On June 3, Massachusetts began reporting recoveries in their weekly data report. Previously, they had not been reporting the number of cumulative recoveries in their data. A patient is considered to be recovered if they have either been sick for 21 days or 21 days have passed since they tested positive.

Governor Baker announced on June 6 that Massachusetts would begin entering phase two of the reopening plan starting on Monday, June 8, following positive trends in access to testing and decreasing hospitalizations. The first portion of the phase will allow childcare, day camps, lodging retail stores, outdoor seating at restaurants, and children's sports programs to reopen with strict precautions. Additional services, including indoor dining and nail and tanning salons, will be allowed to reopen at an unspecified later date as a part of phase two if the positive trends in COVID-19 cases continue.

Boston entered phase two of their reopening plan on June 8.

Amid ongoing protests over the May murder of George Floyd, Governor Baker announced pop-up testing sites would open throughout the state on June 17 and 18 to provide free tests to protesters and anyone else who wished to be tested. During the period 11–17 June, Worcester county had the second highest number of deaths in the state with 39.

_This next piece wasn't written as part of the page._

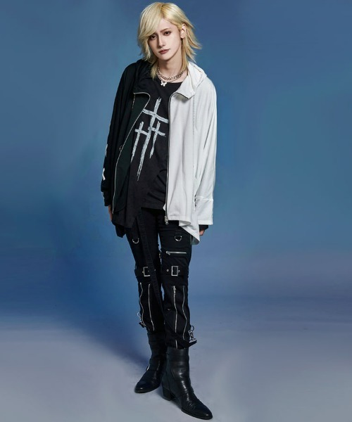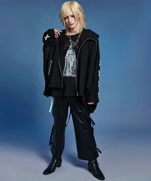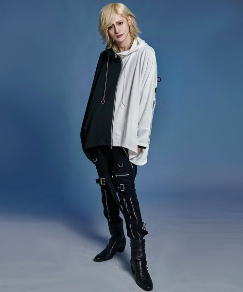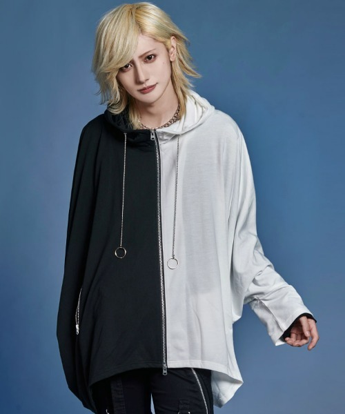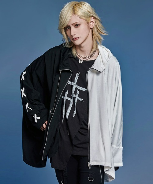 The distinctive poncho silhouette is complemented by a handcuff-inspired design chain at the neck, creating a striking visual with meticulous attention to detail.

On June 22, WBUR reported that Massachusetts had become the state with the lowest COVID-19 transmission rate in the country. The June 22 R_{t}, a value measuring the average rate of transmission of a virus at a point in time, was 0.67 in Massachusetts. According to rt.live, the website calculating the values, an R_{t} value of 1.0 or above is considered to signify "rapid spread".

The June unemployment rate was later calculated at 17.4%, a record high and the worst of any U.S. state at the time.

=== July ===
On July 2, Governor Baker announced that Massachusetts would enter the first stage of phase three of its reopening plan starting on Monday, July 6. Phase three allows companies including gyms, casinos, and museums to open with safety precautions. Boston will delay entering phase three until July 13.

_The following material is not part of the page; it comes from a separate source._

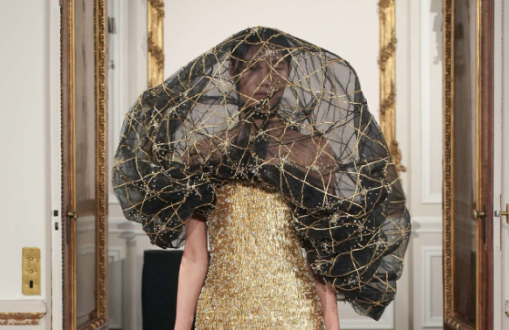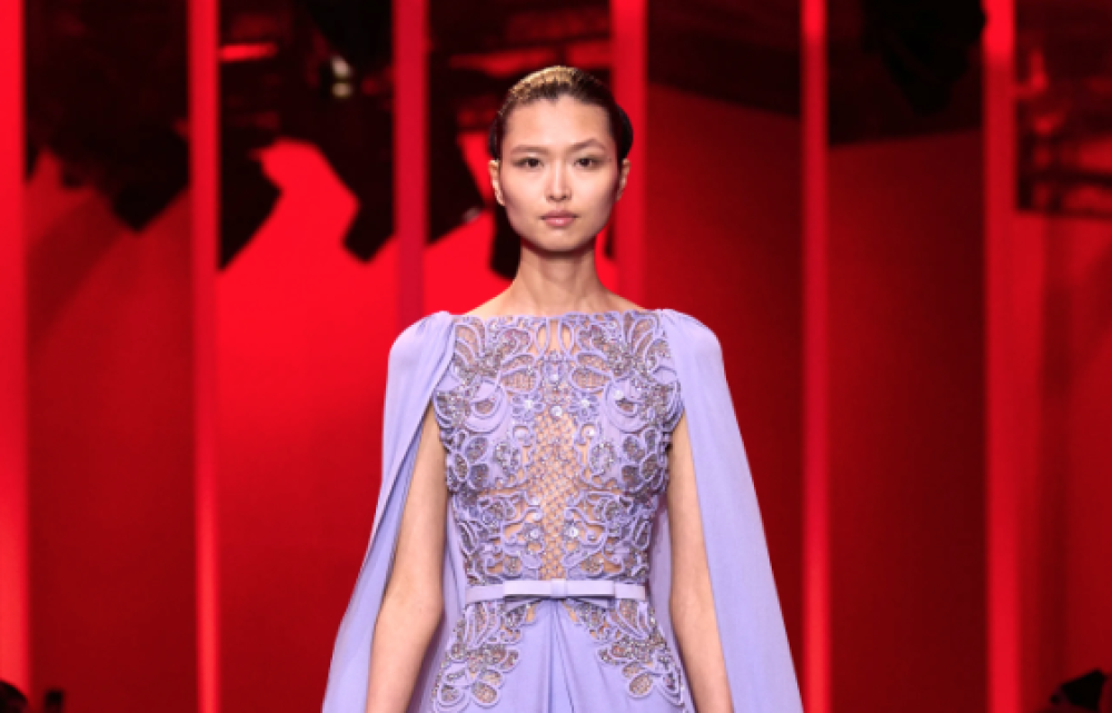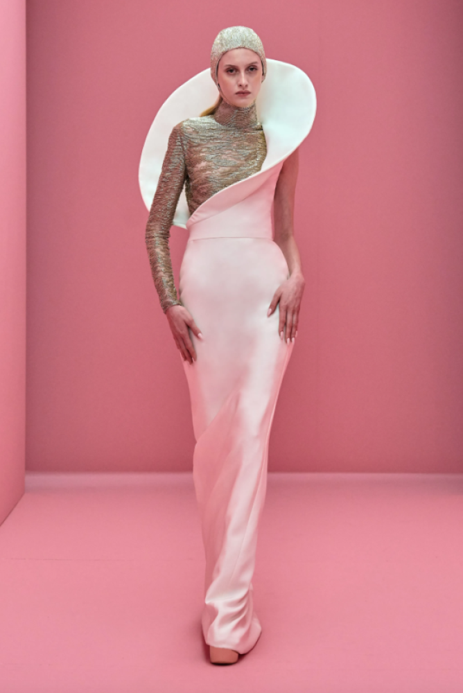 Saudi Arabian couturier Mohammed Ashi presented Ink Sculpture, a stunning and sculptural collection inspired by Japanese poetry and calligraphy. Aside from two glittering gold dresses and a fitted silver

Governor Baker announced on July 8 that free testing centers would open in eight communities that are seeing high viral spread: Chelsea, Everett, Fall River, Lawrence, Lowell, Lynn, Marlborough, and New Bedford. These areas are experiencing considerably higher positive test rates than the state average, and the testing rate has been growing lower.

The Massachusetts State Collegiate Athletic Conference announced on July 16 that it was suspending the fall 2020 sports season. Applying to both indoor and outdoor sports, the decision impacts Bridgewater State University, Fitchburg State University, Framingham State University, Massachusetts College of Liberal Arts, Massachusetts Maritime Academy, Salem State University, Westfield State University, and Worcester State University, as well as other universities which are affiliate members of the conference for football or golf.

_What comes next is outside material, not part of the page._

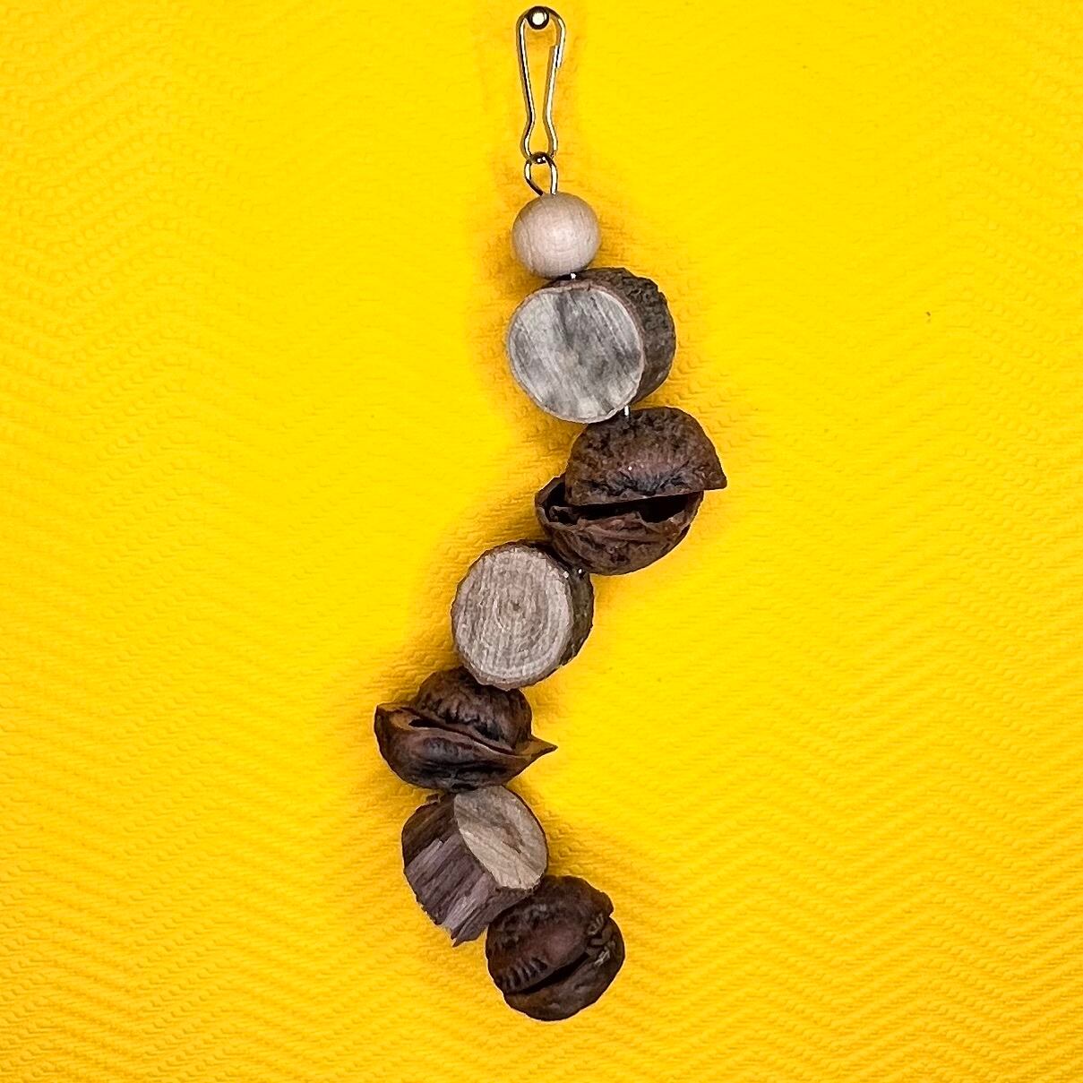 クルミの殻・天然木・ステンレス線・ステンレス留め具

To improve revenues for restaurants with liquor licenses, Governor Baker signed a law on July 21 allowing restaurants to serve cocktails to go in sealed containers until at least February. Also on July 21, Baker extended the moratorium on evictions and foreclosures in the state through October 17, 2020.

The MBTA resumed collecting fares and requiring front-door boarding on buses and trolleys on July 20, having installed plexiglass shields for drivers.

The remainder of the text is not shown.